What Minifiers Do Well

So, you want to make your code small. Let's use esbuild --minify, which is really wiping the floor with every other tool today.

Yes, code golf is classically characterized as you writing tiny code. It's admirable and a fun task, but it doesn't help you deliver real software. But instead, let's use the minifier as a baseline and help it out along the way.

To get started, try formatting already minified code to better understand what it does and how you can improve it.

Renaming variables and functions

Source code is about being descriptive, and writing detailed names can help you do that. Don't try to golf your code by shrinking names, because they'll help you understand your code later.

let accumulatedValue = 123;
const doComplexOperation = (arg) => { ... };
// will become:
let a=123;const b=c=>...;

In fact, we can help a minifier by extracting some complex operation that we do often into a helper—especially if it uses built-in JavaScript methods, which can't be renamed. In but-csv, we have a really descriptive helper that looks like:

let getNextValueAndSetPos = (count) => data.slice(at, at += count);
// will become:
let a=c=>d.slice(a,a+=c);

…that's used whenever we need to read a string of a certain length and move the cursor forward. For an even simpler example, but-csv wants to get the current character code a lot:

let sourceCharCodeAt = () => source.charCodeAt(i);

The really simple win here is that by moving this to a helper function, we only ever have one call to .charCodeAt, which is a symbol we cannot rename. If we were calling .charCodeAt directly everywhere, it'd be a long string that many times.

Merge statements into runs

JavaScript programs are a list of statements, blocks and so on. Minifiers are really good at squishing together operations like assignments, and method calls.

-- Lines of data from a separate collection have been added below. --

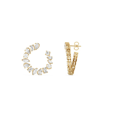 The Multi Shaped Hoop Earrings are a stunning blend of various diamond shapes, making them a fabulous choice for ethnic occasions. Styling Tips: These earrings are perfect for square faces, as their rounded shapes help soften angular features. Clothing & Event: Pair them with flowing silhouettes like anarkali's or maxi dresses to create a harmonious look that balances your overall appearance with tide up hair styled with some flowers and a simple necklace chain. Gifting & Occasions: These earrings make a thoughtful gift for special occasions such as birthdays, bridal showers, or festive celebrations, appealing to women who appreciate unique jewellery. Why Women Love This Design: The combination of different diamond cuts creates a playful yet sophisticated accessory that can be worn with various outfits, making them a beloved addition to any Jewellery collection.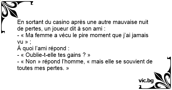 En sortant du casino après une autre mauvaise nuit de pertes, un joueur dit à son ami :
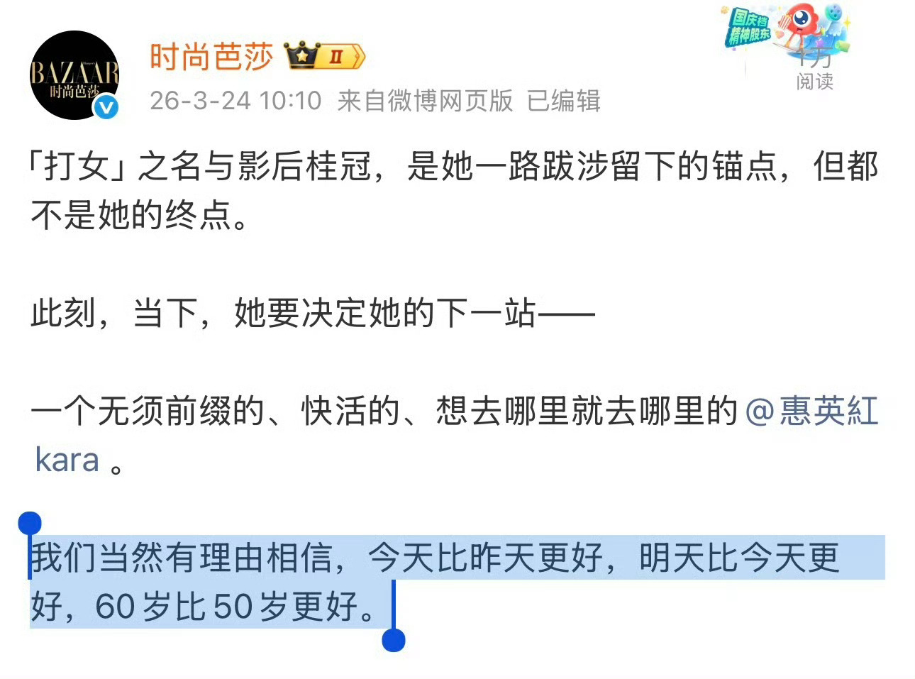 惠英红二登时尚芭莎封面“听人讲60岁是人生的18:30。 我想,那我六十六岁了,正是晚上最热闹的时候”永远为红姐的气质和格局心动!

The point here is that you shouldn't start by trying to totally rewrite your program into a convoluted format. It can still look like JS and read top-to-bottom.

if (y) {
  doSomething();
  i++;
}
// will become:
y&&doSomething(),i++;

Many if statements will be turned into ternary expressions, so they can be 'run together' with other expressions. Even statements like yield actually can be inlined into runs like (yield 123,i++).

What Minifiers Can't Do

Minifiers can rearrange your code, but they can't make intelligent decisions about what order things should happen in: and whether that order is important to your code. But you can, so let's learn how.

Hoist variable declarations

Creating new variables with let or const adds bytes. Instead of creating them throughout your code, you can instead declare them in one contiguous block, so your minifier will group their creation.

let x = 1;
doSomething();
let y = 2;
// x/y won't be merged, so you'll lose a few bytes:
let x=1;doSomething();let y=2;

If you want to be extreme, you can also hide these in a function definition to save more bytes:

const x = (inputString, temp_var_1, temp_var_2) => {
  // nb. arrow functions are always fewer bytes than "function", but can't be generators
};

…and just don't include the extra variables as part of your API definitions (e.g., in your ".d.ts").

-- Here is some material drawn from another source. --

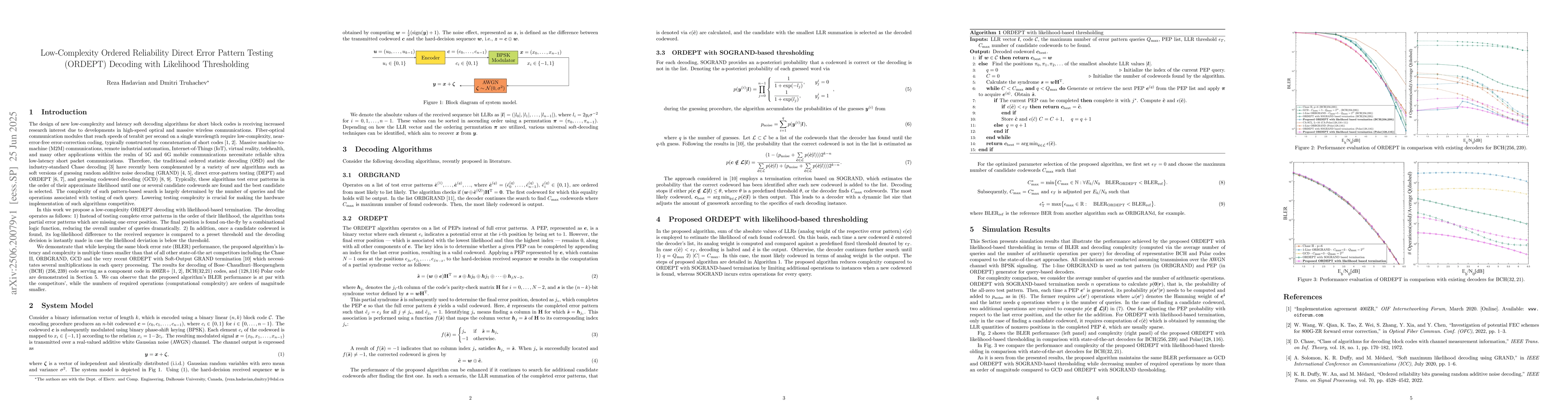 We propose a reduced complexity approach to pattern-based soft decoding of block codes. We start from the ORDEPT decoding algorithm which tests a list of partial error patterns organized in the order of their likelihood and attempts to complete the patterns creating candidate codewords. We then propose an early termination criterion. Once a candidate codeword is found, its log-likelihood difference to the received sequence is compared to a preset threshold and the decoding decision is instantly made in case the likelihood deviation is below the threshold. We demonstrate that while keeping the same block error rate (BLER) performance, the proposed algorithm's latency and complexity is multiple times smaller than that of the state-of-the art competitors including the Chase II, ORBGRAND, GCD, and the very recent ORDEPT with Soft-Output GRAND termination which necessitates several multiplications in each query processing.

Declare top-level temporary variables

Additionally, if your program needs temporary variables—the result of an .indexOf() call—then consider declaring them at the top of your function. (You could even do this in top-level module scope, if your program isn't async).

This looks a bit like:

let string = 'hello,there';
let temp_int;
for (;;) {
  temp_int = string.indexOf(',');
  ...
}
// as above, this will shrink into fewer variable declarations:
let string='hello,there',temp_int;
for(;;) {temp_int = ...}

There's a warning here: you should have one temporary variable per type. Just like in most compiled languages, you declare them as an int or float or so on, JS interpreters will optimize variables to contain a single type. So you might create temp_number, temp_string, and so on—and know that your minifier will rename this variable anyway, so the long name is fine.

Use variables from a higher scope

I show how you can extract common functionality into closures above. You should try to re-use variables e.g., from your function or module scope, to store temporary values.

// both "s" and "index" are declared above
let updateIndexIfPositive = () => {
  index = s.indexOf('something');
  if (index > 0) {
    doSomething();
  }
}

Use booleans as 0/1

TypeScript and friends won't like this, but it's valid to treat false as zero, and true as one. Consider doing this:

if (condition) {
  --x;
}
// could instead be:
x -= condition;

This'll save you a couple of bytes, with no performance hit.

This reminds me of writing OpenGL shaders, where branching is slow—you add 0's or 1's to results to provide choice without if.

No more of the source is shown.